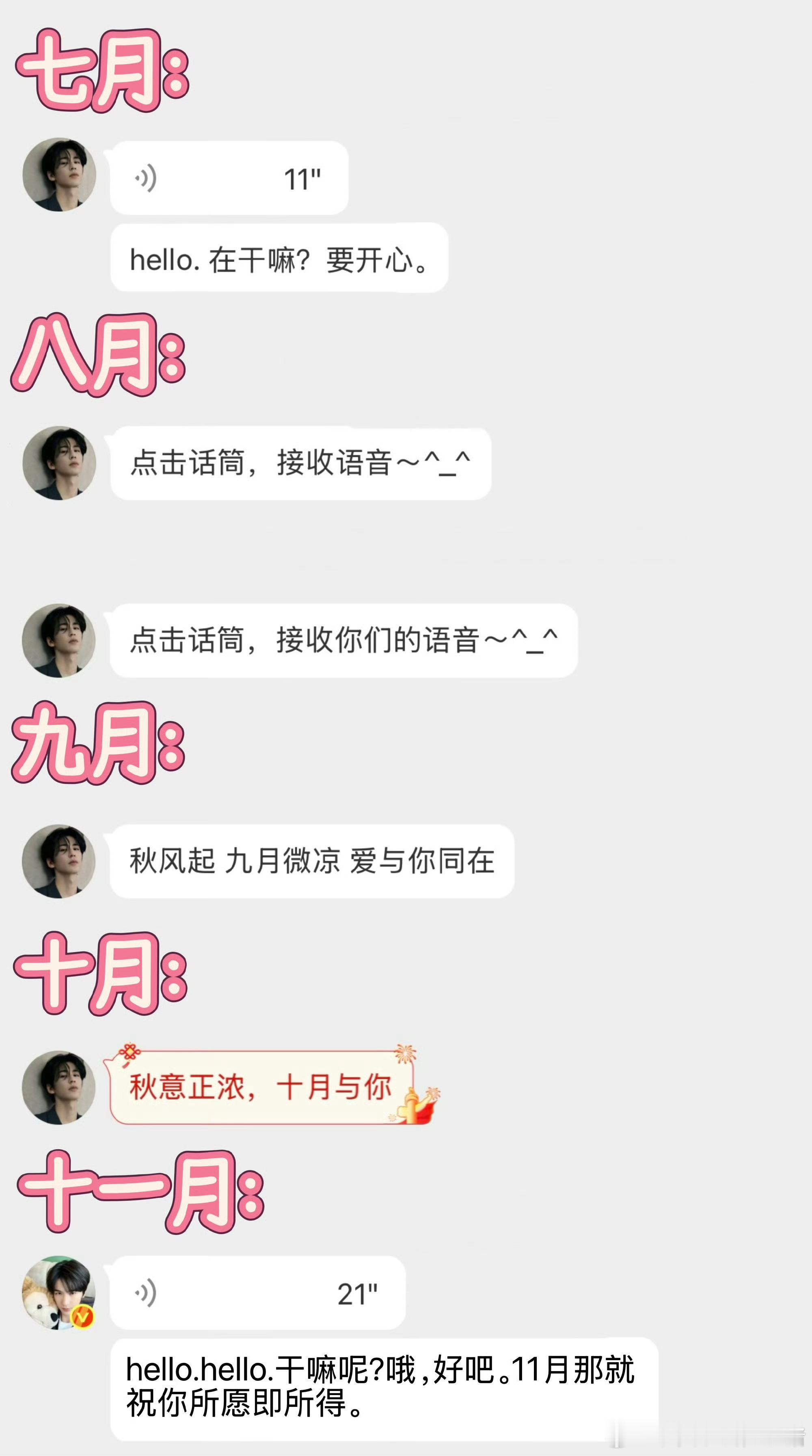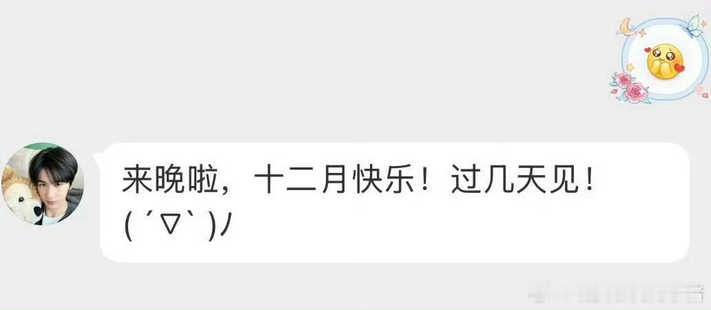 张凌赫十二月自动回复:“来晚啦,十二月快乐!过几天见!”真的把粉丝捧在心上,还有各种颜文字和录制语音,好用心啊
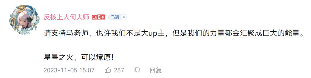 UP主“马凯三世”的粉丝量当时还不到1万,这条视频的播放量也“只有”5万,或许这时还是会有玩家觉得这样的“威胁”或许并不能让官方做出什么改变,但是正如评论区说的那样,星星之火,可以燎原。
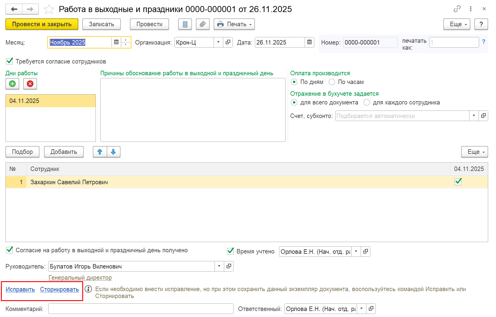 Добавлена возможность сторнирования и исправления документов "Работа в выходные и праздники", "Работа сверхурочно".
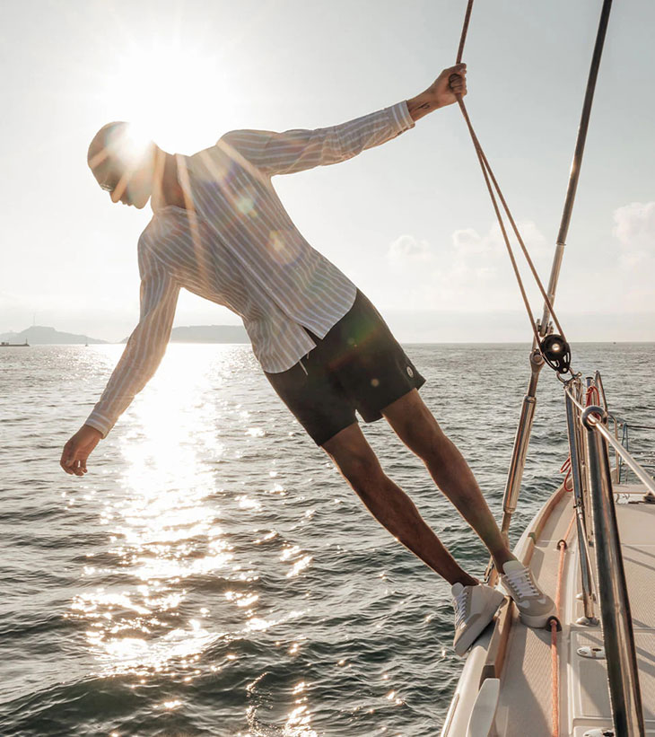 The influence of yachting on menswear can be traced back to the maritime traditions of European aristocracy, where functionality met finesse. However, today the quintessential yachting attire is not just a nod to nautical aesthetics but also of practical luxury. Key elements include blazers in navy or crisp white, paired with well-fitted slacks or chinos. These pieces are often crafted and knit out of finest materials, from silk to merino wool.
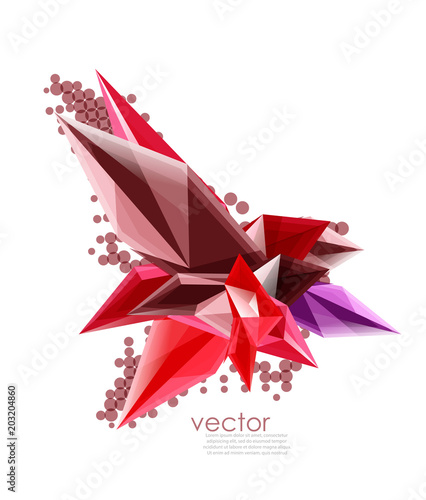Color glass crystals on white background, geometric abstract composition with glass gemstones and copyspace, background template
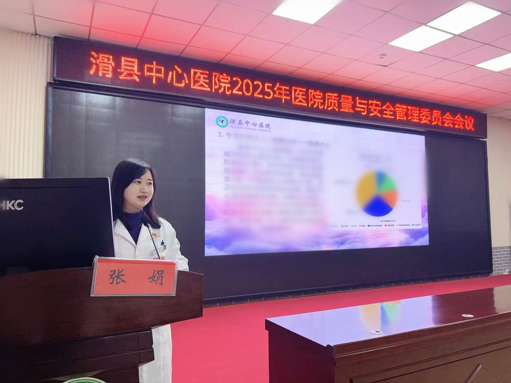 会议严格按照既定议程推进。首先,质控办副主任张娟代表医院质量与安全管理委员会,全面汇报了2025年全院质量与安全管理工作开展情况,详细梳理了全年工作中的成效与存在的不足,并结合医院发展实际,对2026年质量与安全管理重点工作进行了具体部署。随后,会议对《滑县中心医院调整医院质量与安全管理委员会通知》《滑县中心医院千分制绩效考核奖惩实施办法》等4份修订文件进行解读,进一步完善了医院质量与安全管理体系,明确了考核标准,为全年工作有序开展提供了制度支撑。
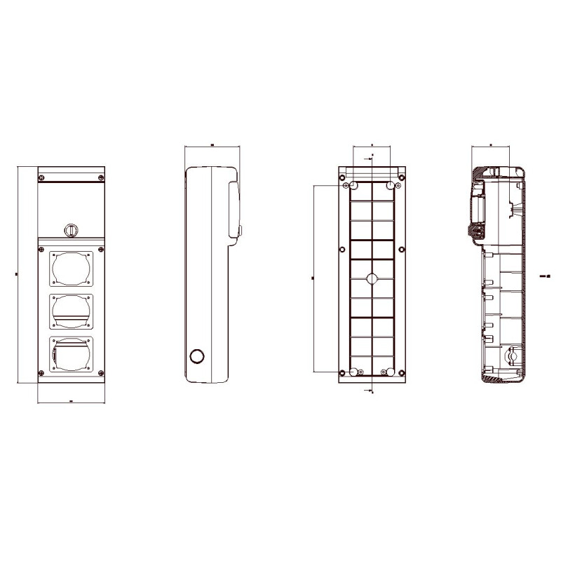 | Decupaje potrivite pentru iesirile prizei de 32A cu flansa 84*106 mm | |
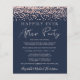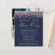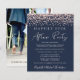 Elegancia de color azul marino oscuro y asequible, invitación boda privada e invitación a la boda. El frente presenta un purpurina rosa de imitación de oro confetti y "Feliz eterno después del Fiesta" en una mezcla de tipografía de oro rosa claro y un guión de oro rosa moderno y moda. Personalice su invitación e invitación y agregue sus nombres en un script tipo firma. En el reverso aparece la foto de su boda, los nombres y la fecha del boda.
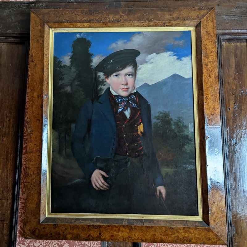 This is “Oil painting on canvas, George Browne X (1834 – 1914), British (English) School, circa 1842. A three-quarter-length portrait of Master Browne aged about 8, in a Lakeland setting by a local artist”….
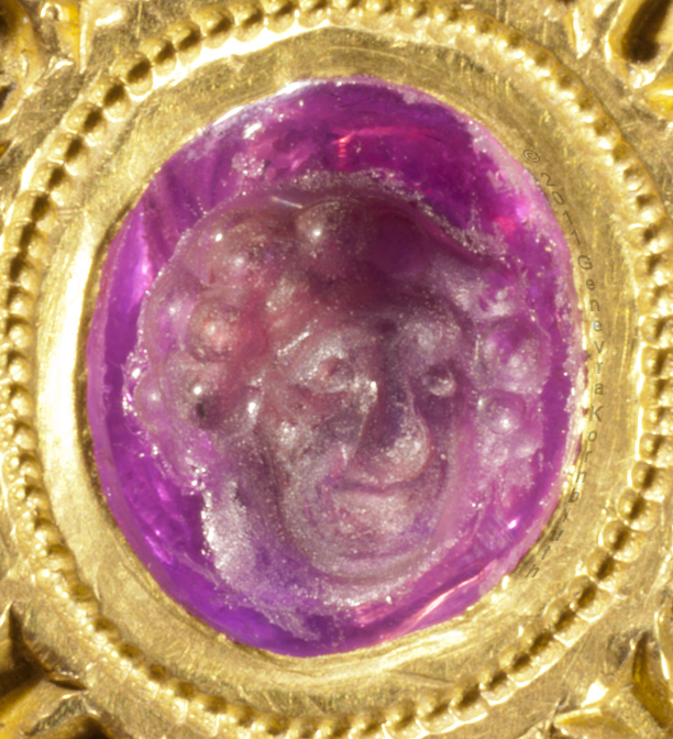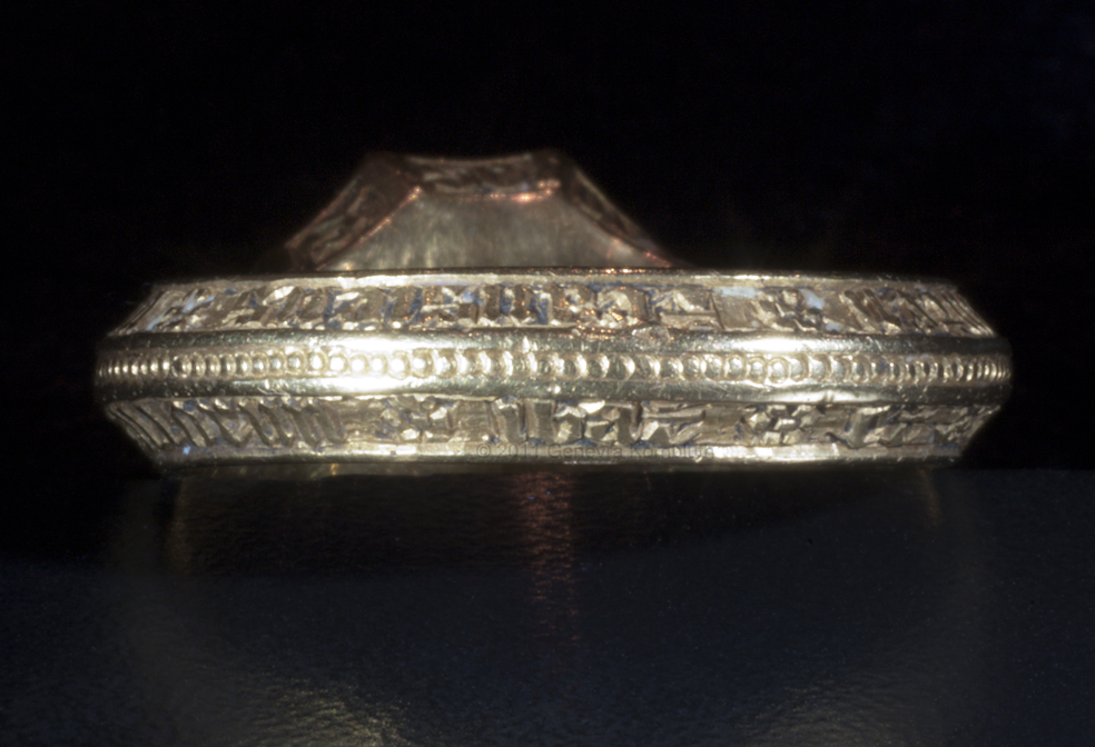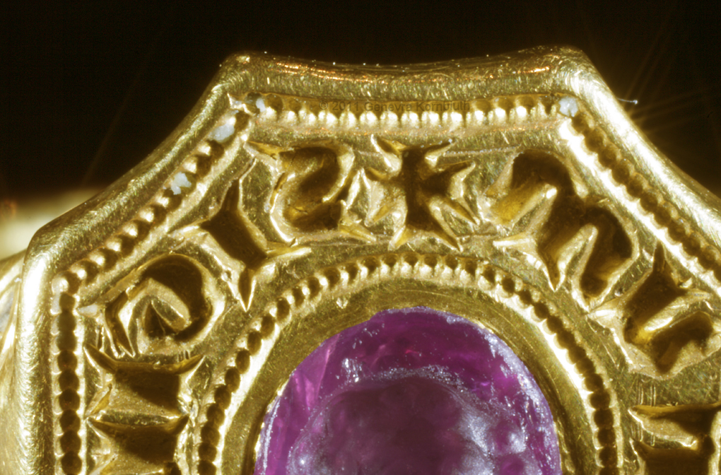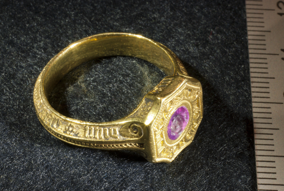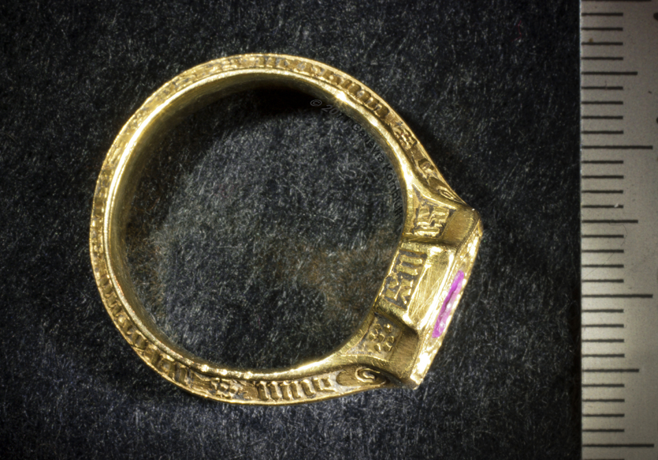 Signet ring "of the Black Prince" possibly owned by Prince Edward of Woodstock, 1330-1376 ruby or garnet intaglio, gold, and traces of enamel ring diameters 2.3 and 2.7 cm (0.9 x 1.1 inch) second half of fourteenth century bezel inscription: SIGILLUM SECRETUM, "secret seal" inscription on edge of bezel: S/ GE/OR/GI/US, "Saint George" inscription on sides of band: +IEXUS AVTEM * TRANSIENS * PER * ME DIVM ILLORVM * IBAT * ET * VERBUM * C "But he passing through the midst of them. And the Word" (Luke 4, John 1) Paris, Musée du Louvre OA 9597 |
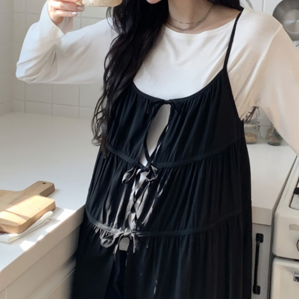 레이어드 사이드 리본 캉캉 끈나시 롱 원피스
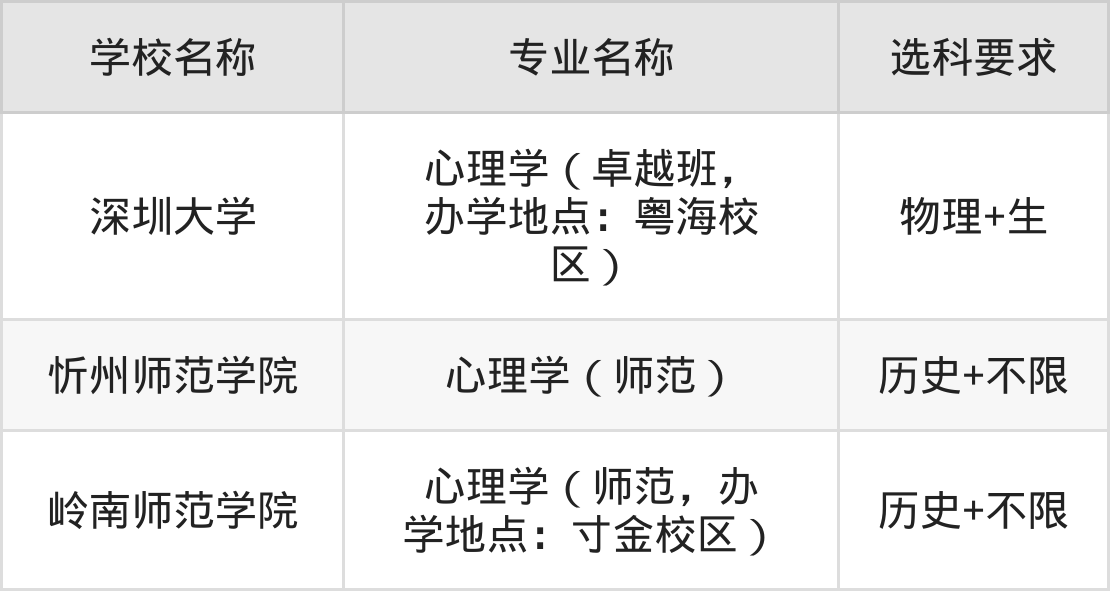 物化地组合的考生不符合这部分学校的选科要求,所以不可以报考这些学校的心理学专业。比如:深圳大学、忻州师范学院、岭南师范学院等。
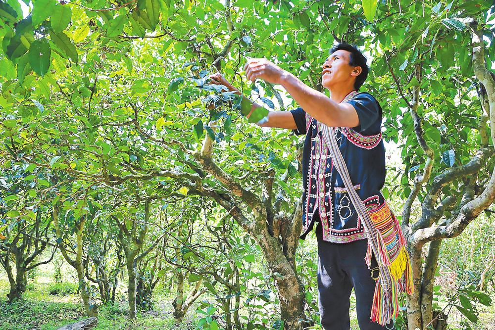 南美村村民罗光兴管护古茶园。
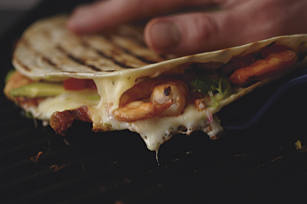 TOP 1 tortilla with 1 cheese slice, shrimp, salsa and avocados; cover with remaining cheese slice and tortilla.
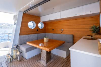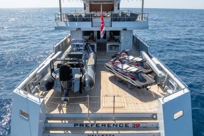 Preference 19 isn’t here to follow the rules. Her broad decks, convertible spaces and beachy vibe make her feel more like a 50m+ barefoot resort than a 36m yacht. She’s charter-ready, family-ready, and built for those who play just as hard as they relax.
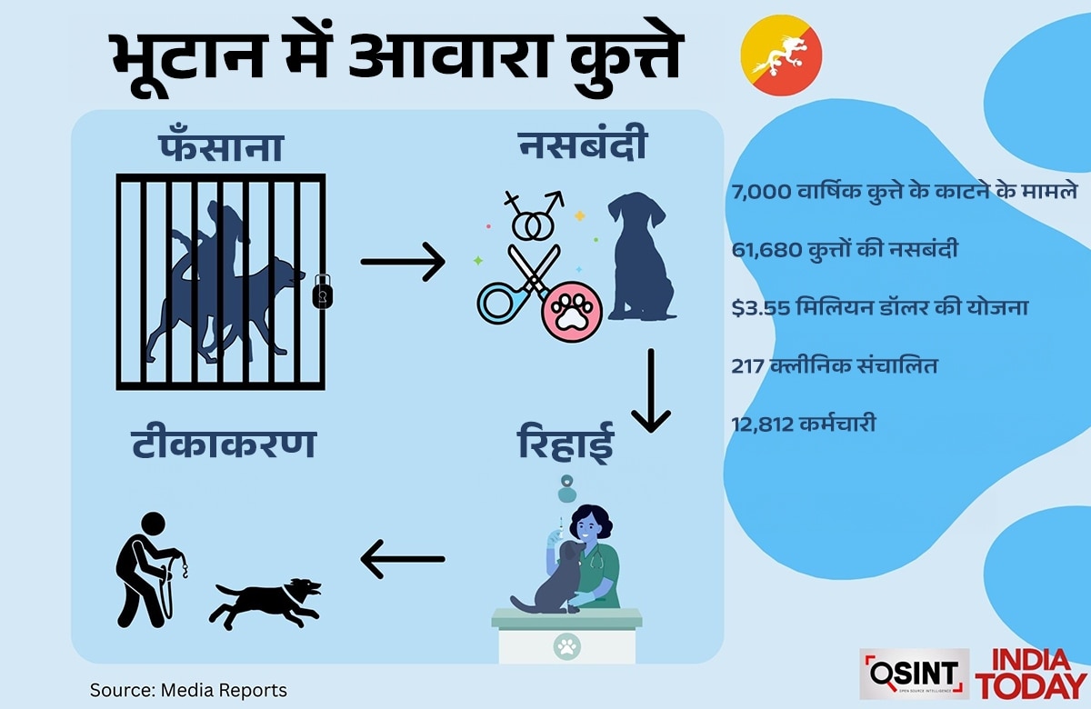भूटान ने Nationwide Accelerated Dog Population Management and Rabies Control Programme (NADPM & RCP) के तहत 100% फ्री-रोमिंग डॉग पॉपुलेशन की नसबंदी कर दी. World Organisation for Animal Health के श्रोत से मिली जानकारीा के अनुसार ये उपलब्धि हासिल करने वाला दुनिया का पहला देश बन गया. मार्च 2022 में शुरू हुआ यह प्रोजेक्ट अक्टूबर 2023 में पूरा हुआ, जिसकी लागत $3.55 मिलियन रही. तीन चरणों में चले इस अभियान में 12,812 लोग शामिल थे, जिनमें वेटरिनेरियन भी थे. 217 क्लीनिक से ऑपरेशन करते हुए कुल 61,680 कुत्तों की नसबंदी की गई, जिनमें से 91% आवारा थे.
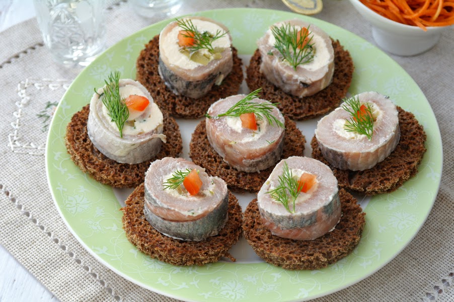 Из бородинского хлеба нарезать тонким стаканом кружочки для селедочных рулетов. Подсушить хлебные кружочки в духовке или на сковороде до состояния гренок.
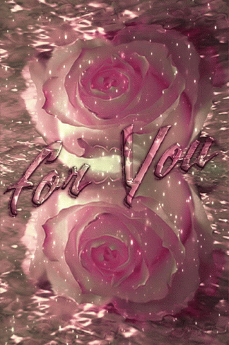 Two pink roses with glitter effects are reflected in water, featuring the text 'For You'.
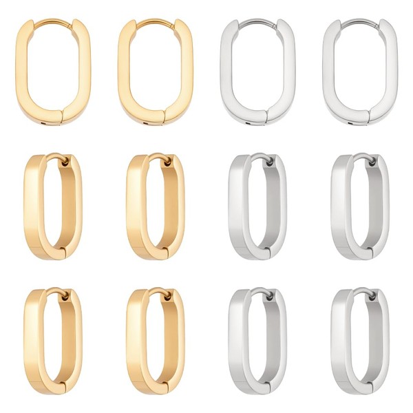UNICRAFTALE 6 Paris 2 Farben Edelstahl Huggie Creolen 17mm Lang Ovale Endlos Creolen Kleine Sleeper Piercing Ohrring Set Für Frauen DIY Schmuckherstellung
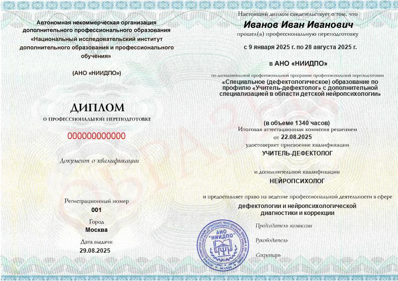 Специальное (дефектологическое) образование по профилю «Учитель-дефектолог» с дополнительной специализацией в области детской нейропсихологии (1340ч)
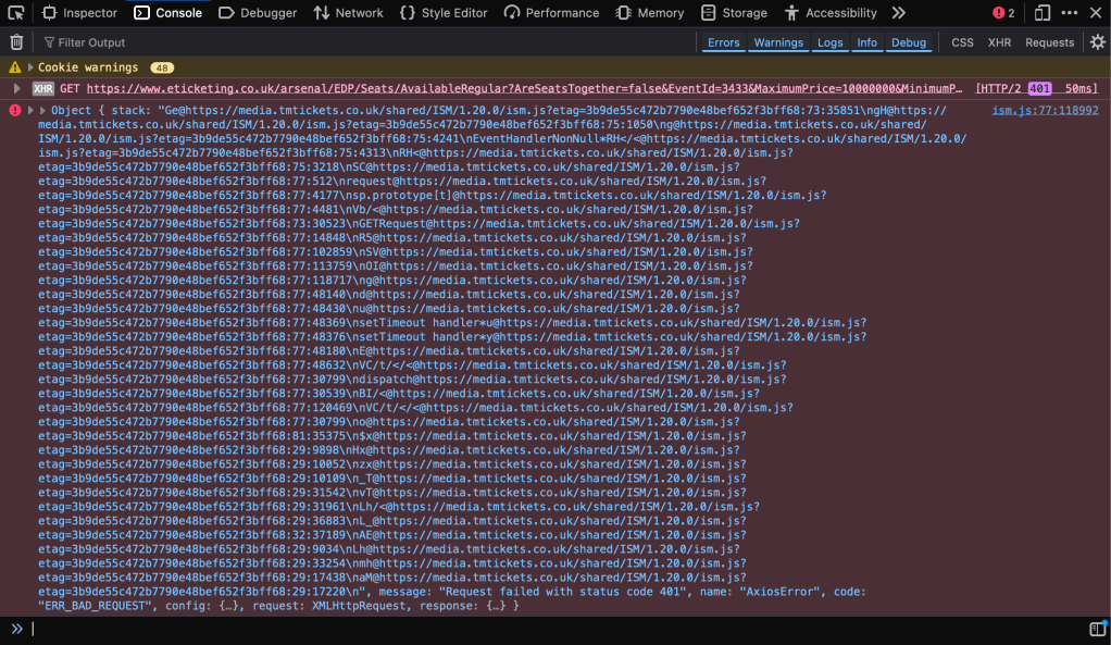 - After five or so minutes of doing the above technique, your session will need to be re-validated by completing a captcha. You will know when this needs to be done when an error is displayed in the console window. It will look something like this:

..............................

(ACTION ITEM): In the listing, find the line containing "Из бородинского хлеба" and repeat it and every later line through the last one, word for word, excluding the pictures.

(PROBLEM SOLUTION):
 Из бородинского хлеба нарезать тонким стаканом кружочки для селедочных рулетов. Подсушить хлебные кружочки в духовке или на сковороде до состояния гренок.
 Two pink roses with glitter effects are reflected in water, featuring the text 'For You'.
UNICRAFTALE 6 Paris 2 Farben Edelstahl Huggie Creolen 17mm Lang Ovale Endlos Creolen Kleine Sleeper Piercing Ohrring Set Für Frauen DIY Schmuckherstellung
 Специальное (дефектологическое) образование по профилю «Учитель-дефектолог» с дополнительной специализацией в области детской нейропсихологии (1340ч)
 - After five or so minutes of doing the above technique, your session will need to be re-validated by completing a captcha. You will know when this needs to be done when an error is displayed in the console window. It will look something like this:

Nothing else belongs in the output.